- Anita Wilson, first archivist / librarian for the Government of Tuvalu
- Born: Anita Smith 1943 England
- Died: 15 August 2006 (aged 62–63) Surrey, England
- Education: University of Manchester, England University College London, England
- Occupations: Archivist Librarian
- Employer(s): Government of Tuvalu Government of Hong Kong British royal family
- Spouse: John F Wilson ​ ​(m. 1967; div. 1997)​

= Anita Wilson (archivist) =

Archivist for Tuvalu, Hong Kong and British royal family

Anita Wilson (1943 - 15 August 2006) was the first archivist/librarian for the Government of Tuvalu, as well as archivist for the Government of Hong Kong and the British royal family.

==Personal life and education==
Born Anita Smith, she married John F Wilson in Sutton Coldfield in 1967. They divorced in 1998. Wilson attended Doncaster Girls’ High School. She read history at University of Manchester graduating with a BA (Hons) in history in the mid-1960s. She subsequently completed a postgraduate secretarial course and a Diploma in Archive Administration. She earned a master's degree in Archive Studies from University College London in 1983. Wilson was a committed Christian Scientist and keen choir member.

==Work and travel==
===England===
In 1966 Wilson was a researcher at the Labour Party headquarters in Westminster. After moving to Sutton Coldfield, she taught until 1971, when she joined the Council for Education in World Citizenship, briefly returning to teaching in 1975. She also worked as a school and university librarian.

===South Pacific and Caribbean===
In 1976 Wilson's husband was appointed Senior Crown Counsel of the Solomon Islands.
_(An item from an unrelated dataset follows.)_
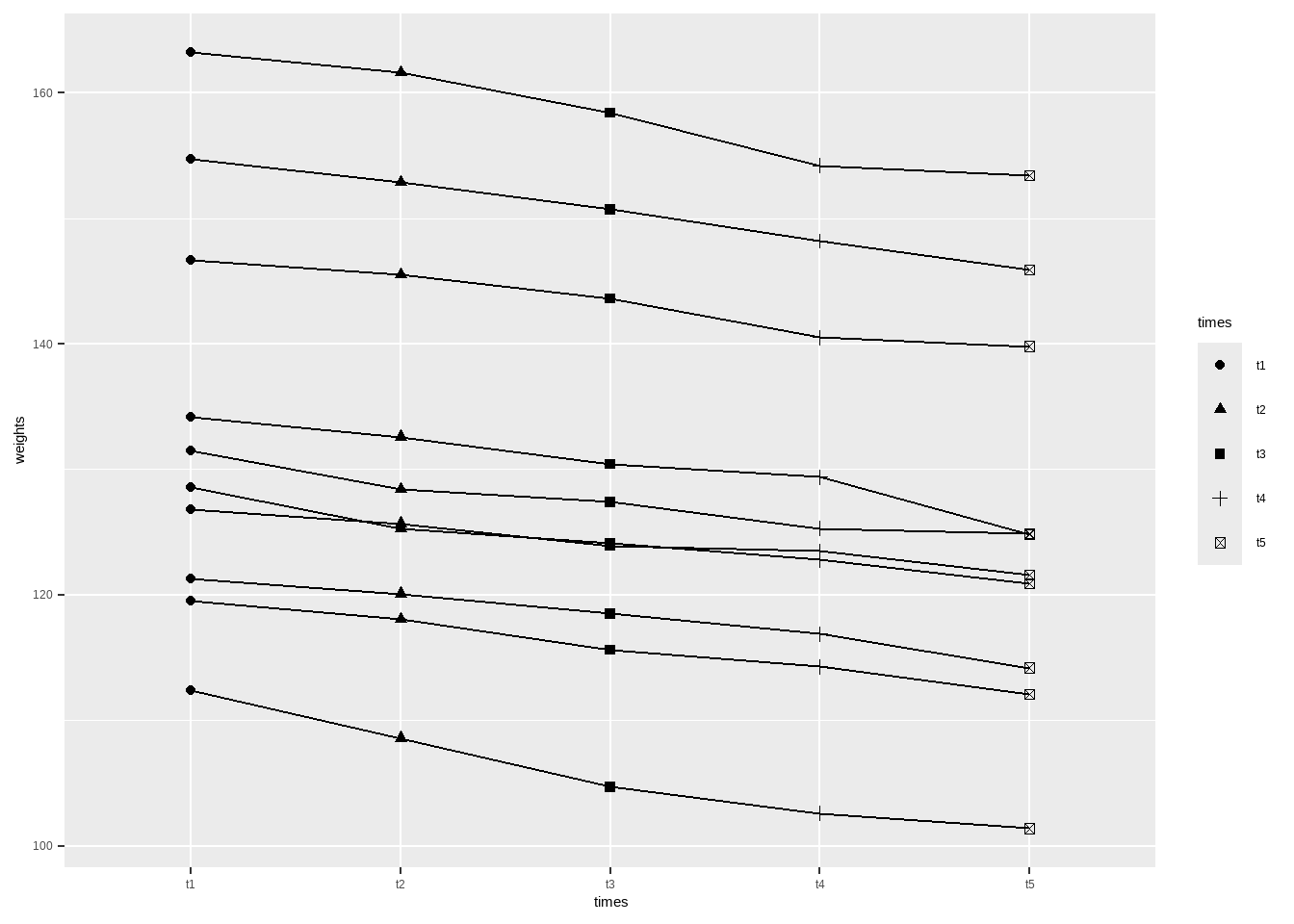 ggplot(data14_7_long, aes(times, weights))+
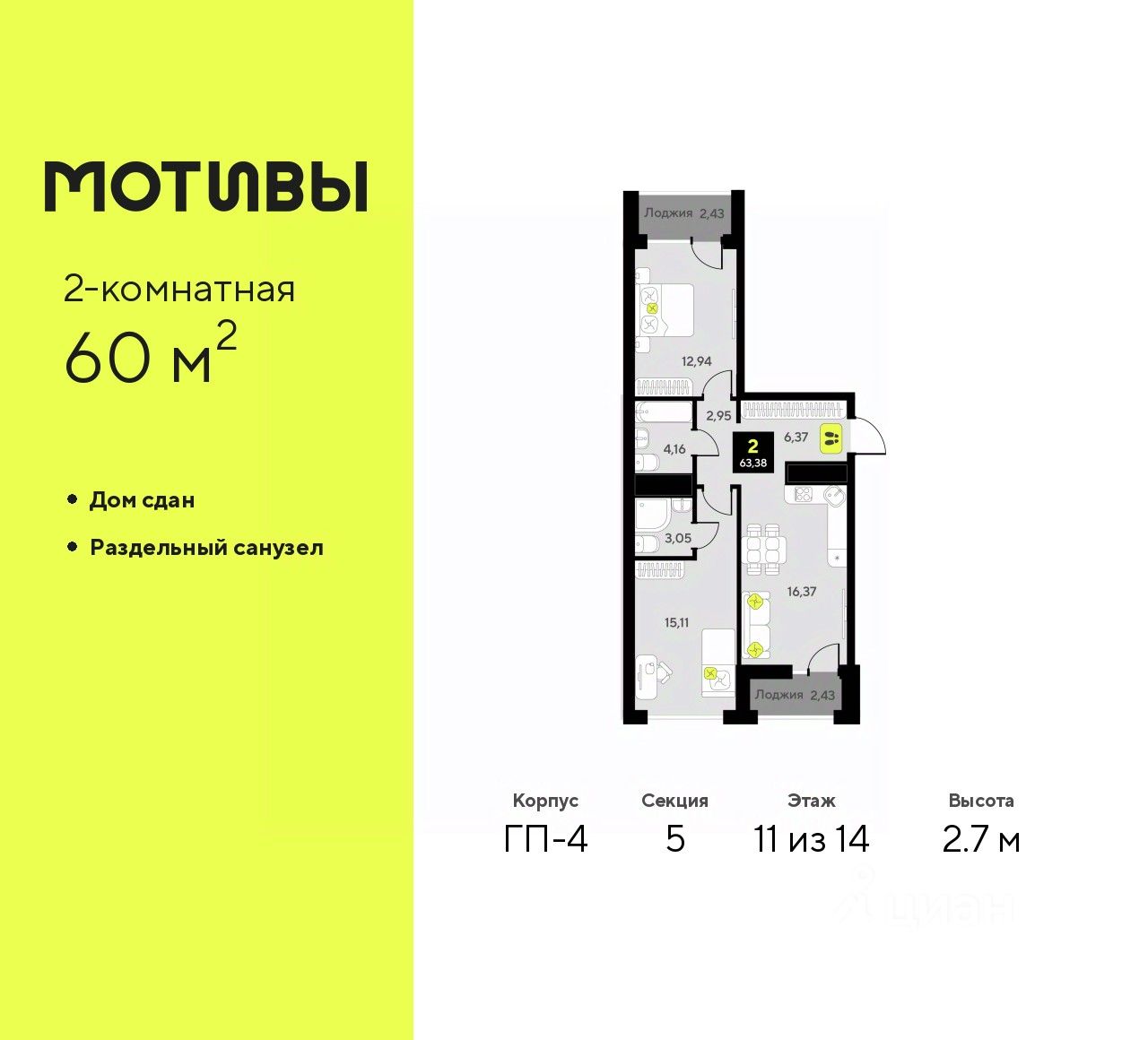 2-комн. квартира в ЖК ''Мотивы'' на 11 этаже. Общая площадь: 60 кв.м. Высота потолков 2.7 м.

The following year they moved to Tuvalu, where the government's records, consisting of nine crates of documents, had been unexpectedly returned prior to the island's independence in 1978. Wilson was appointed as Tuvalu's first archivist/librarian, and worked with the Ministry of Social Services in setting up the Tuvalu National Library and Archives. She corresponded with the Western Pacific High Commission to extract all Tuvalu records from the Western Pacific Archives in order to despatch them to London. In addition to her archival responsibilities, she was asked to establish Tuvalu's first public library, with the support of the British Council's Library Development Scheme.

===Hong Kong===
Wilson moved to Hong Kong in 1983. Between 1986 and 1997 she was employed as an archivist for the Government of Hong Kong, helping to ensure the effective handover of records between governments. She headed a unit responsible for transferring to microfilm the Government's policy records from 1945 to 1997. She also identified records relating to Britain's colonial rule that could be transferred to the UK. She was awarded a Governor's Commendation for her work in 1997 and played a role in the Hong Kong handover ceremony on 30 June 1997.

She assisted author Myron Echenberg in the research of his book Plague Ports: The Global Urban Impact of Bubonic Plague between 1894 and 1901.

Wilson was an active member of the Hong Kong Branch of the Royal Asiatic Society. She was Honorary Secretary between 1986 and 1988, and from 1988 to 1997 she was a Council Member, editor of the Newsletter and tour arranger. After leaving Hong Kong she joined the Friends of the Hong Kong Branch of the Royal Asiatic Society (UK), continuing to arrange UK-based tours.

===Return to England===
Wilson returned to England in 1997, working briefly for the Public Records Office (now The National Archives) in a part-time role. In 2001 she was appointed to the Royal Archives, based at Windsor Castle. She assisted in archiving the Queen's papers, and those of other members of the Royal Family (except Prince Charles, who had his own archivist). In this role, she worked with the staff of Holyrood House, Sandringham House, and Balmoral Castle.